### Dataset entries
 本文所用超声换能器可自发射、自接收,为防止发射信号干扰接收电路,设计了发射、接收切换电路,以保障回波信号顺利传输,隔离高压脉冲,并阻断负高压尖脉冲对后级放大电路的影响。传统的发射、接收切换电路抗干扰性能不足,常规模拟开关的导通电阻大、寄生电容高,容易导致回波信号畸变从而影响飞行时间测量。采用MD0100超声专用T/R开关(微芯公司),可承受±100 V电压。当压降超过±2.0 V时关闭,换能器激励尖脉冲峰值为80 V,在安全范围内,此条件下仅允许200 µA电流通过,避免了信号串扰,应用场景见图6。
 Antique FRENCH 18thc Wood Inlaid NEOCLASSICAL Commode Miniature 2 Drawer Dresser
---
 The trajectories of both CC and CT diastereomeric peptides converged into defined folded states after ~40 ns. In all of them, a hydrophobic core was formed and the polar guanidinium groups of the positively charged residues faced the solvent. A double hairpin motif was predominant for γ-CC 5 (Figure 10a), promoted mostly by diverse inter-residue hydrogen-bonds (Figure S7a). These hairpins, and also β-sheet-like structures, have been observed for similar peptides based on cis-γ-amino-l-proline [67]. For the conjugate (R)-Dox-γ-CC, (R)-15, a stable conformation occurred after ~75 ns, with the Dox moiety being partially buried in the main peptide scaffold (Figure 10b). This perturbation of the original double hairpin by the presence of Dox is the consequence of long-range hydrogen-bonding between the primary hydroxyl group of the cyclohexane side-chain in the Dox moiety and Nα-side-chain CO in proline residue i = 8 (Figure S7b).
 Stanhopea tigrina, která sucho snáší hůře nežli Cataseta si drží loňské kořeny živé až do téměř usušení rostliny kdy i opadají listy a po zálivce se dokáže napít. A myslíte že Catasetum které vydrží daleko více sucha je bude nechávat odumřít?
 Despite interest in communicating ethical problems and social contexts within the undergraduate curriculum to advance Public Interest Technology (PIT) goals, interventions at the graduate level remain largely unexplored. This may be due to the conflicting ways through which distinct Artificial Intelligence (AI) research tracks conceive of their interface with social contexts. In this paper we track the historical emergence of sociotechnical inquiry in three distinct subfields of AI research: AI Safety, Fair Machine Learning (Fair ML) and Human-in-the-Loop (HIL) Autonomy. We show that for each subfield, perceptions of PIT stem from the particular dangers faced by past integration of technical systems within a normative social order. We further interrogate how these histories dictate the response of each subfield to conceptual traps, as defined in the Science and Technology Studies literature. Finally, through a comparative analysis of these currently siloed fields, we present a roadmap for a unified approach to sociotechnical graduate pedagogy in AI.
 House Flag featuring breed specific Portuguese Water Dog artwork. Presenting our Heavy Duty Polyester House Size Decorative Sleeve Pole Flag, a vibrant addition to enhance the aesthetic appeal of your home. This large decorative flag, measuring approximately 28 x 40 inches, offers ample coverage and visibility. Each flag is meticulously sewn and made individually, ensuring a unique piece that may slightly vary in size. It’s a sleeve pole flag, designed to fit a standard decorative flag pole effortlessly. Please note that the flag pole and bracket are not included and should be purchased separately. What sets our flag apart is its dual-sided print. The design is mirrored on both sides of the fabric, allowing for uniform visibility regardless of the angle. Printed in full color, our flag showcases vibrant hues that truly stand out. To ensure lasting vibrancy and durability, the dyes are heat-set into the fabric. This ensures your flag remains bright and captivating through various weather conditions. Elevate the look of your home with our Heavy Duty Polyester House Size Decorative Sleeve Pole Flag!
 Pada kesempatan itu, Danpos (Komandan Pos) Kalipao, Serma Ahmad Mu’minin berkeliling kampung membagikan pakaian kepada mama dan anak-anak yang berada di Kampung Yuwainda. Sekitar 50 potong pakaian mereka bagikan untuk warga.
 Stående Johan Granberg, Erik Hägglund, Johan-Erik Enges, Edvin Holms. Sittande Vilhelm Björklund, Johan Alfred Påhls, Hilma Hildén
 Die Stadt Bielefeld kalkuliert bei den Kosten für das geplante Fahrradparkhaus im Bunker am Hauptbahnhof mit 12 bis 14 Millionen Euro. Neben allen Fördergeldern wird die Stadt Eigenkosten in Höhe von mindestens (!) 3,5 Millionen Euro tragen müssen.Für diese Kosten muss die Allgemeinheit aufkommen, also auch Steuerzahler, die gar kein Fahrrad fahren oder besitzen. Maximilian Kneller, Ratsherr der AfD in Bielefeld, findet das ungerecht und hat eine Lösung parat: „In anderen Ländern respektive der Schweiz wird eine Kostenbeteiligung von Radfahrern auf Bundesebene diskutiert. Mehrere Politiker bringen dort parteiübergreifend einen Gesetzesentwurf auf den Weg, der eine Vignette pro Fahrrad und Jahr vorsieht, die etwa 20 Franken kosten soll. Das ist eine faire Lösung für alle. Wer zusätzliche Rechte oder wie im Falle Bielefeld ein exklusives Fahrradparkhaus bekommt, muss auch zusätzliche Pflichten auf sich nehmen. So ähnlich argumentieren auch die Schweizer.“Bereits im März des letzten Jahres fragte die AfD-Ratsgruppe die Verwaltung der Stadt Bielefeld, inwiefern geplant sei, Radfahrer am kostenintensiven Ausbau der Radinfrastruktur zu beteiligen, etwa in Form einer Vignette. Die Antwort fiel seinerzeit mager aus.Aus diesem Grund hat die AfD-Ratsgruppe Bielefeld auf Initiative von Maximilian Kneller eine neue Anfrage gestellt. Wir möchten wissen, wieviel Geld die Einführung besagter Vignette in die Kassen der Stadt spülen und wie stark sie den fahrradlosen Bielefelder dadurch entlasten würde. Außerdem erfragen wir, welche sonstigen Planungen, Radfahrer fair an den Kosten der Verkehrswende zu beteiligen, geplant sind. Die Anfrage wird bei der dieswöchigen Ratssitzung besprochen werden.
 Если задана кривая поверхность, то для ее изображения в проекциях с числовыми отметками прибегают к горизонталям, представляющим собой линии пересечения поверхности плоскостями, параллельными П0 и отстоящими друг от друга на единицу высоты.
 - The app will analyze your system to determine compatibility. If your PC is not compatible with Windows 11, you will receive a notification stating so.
---
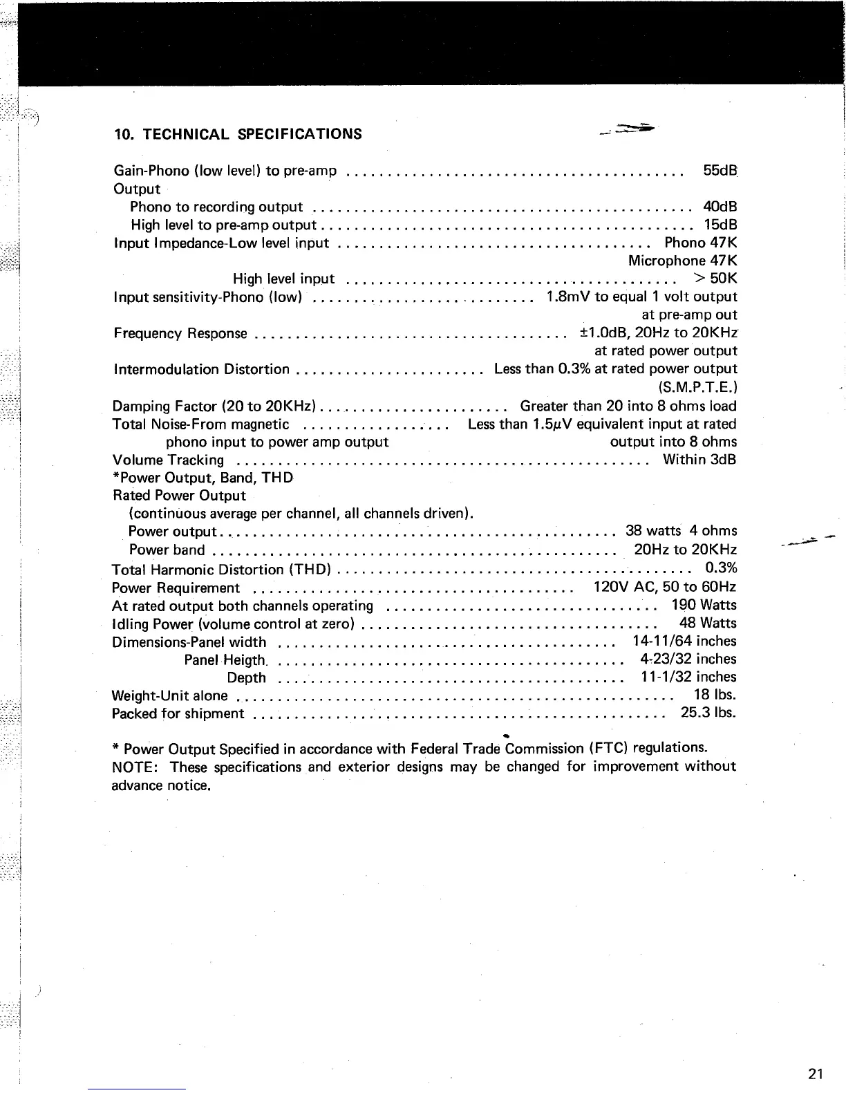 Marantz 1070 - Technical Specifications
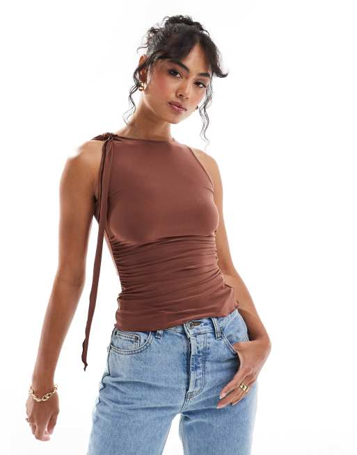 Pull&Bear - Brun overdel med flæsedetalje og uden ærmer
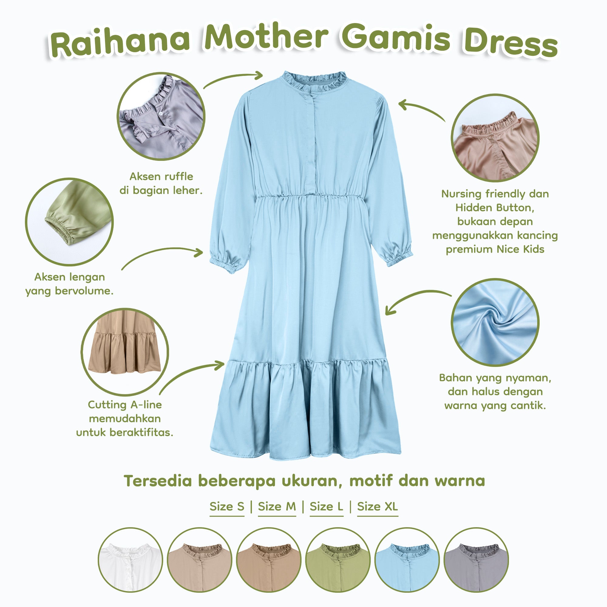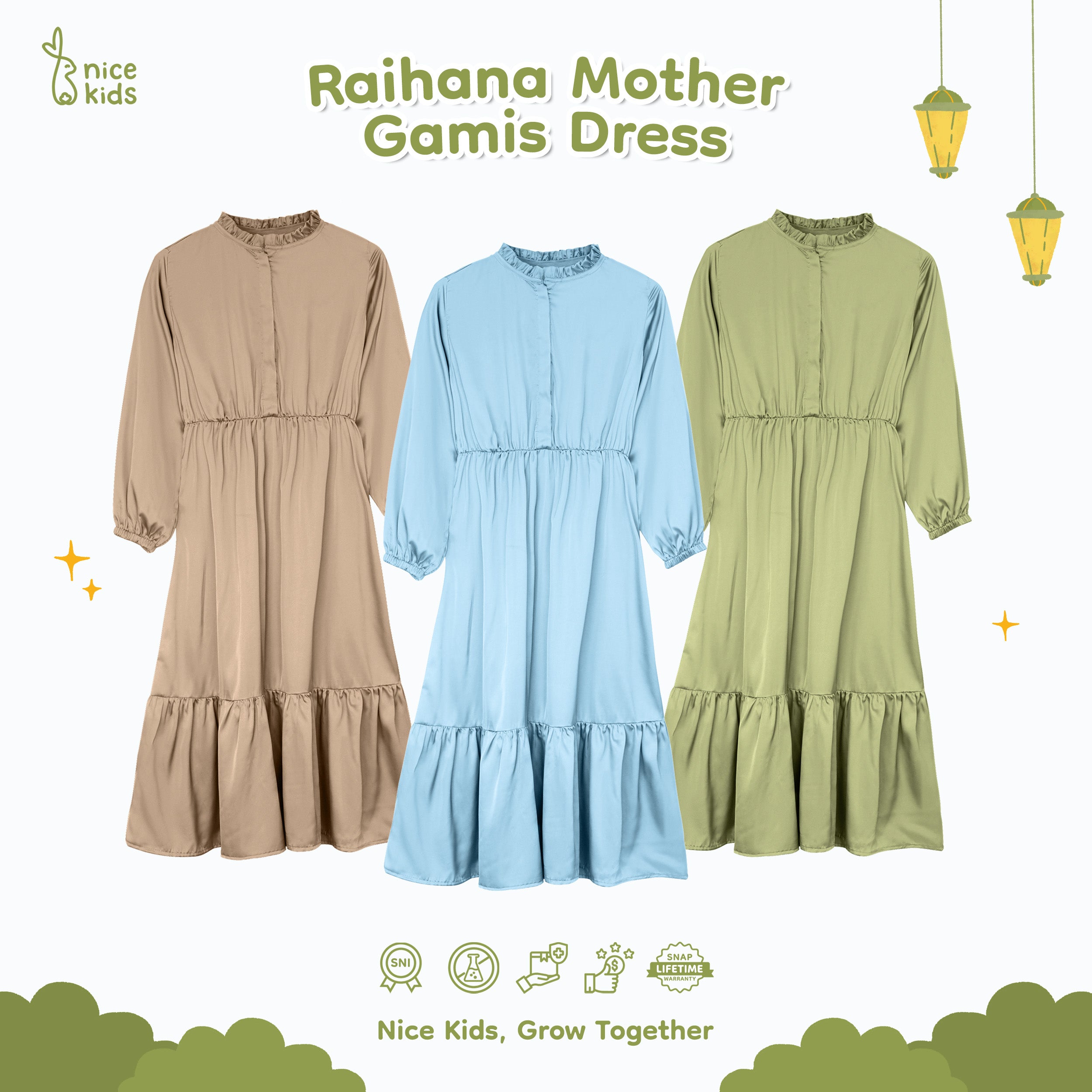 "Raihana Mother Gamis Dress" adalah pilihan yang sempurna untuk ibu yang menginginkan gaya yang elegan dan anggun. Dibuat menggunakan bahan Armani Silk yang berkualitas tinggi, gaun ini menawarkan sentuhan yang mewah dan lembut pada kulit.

### Your goal
Set down, unchanged, only those lines above that fall between the line with "V时关闭,换能器激励尖脉冲峰值为80 V,在安全范围内,此条件下仅允许200 µA电流通过,避免了信号串扰,应用场景见图6。" and the line with "Antique FRENCH 18thc", the two end lines included.

### Answer below
 本文所用超声换能器可自发射、自接收,为防止发射信号干扰接收电路,设计了发射、接收切换电路,以保障回波信号顺利传输,隔离高压脉冲,并阻断负高压尖脉冲对后级放大电路的影响。传统的发射、接收切换电路抗干扰性能不足,常规模拟开关的导通电阻大、寄生电容高,容易导致回波信号畸变从而影响飞行时间测量。采用MD0100超声专用T/R开关(微芯公司),可承受±100 V电压。当压降超过±2.0 V时关闭,换能器激励尖脉冲峰值为80 V,在安全范围内,此条件下仅允许200 µA电流通过,避免了信号串扰,应用场景见图6。
 Antique FRENCH 18thc Wood Inlaid NEOCLASSICAL Commode Miniature 2 Drawer Dresser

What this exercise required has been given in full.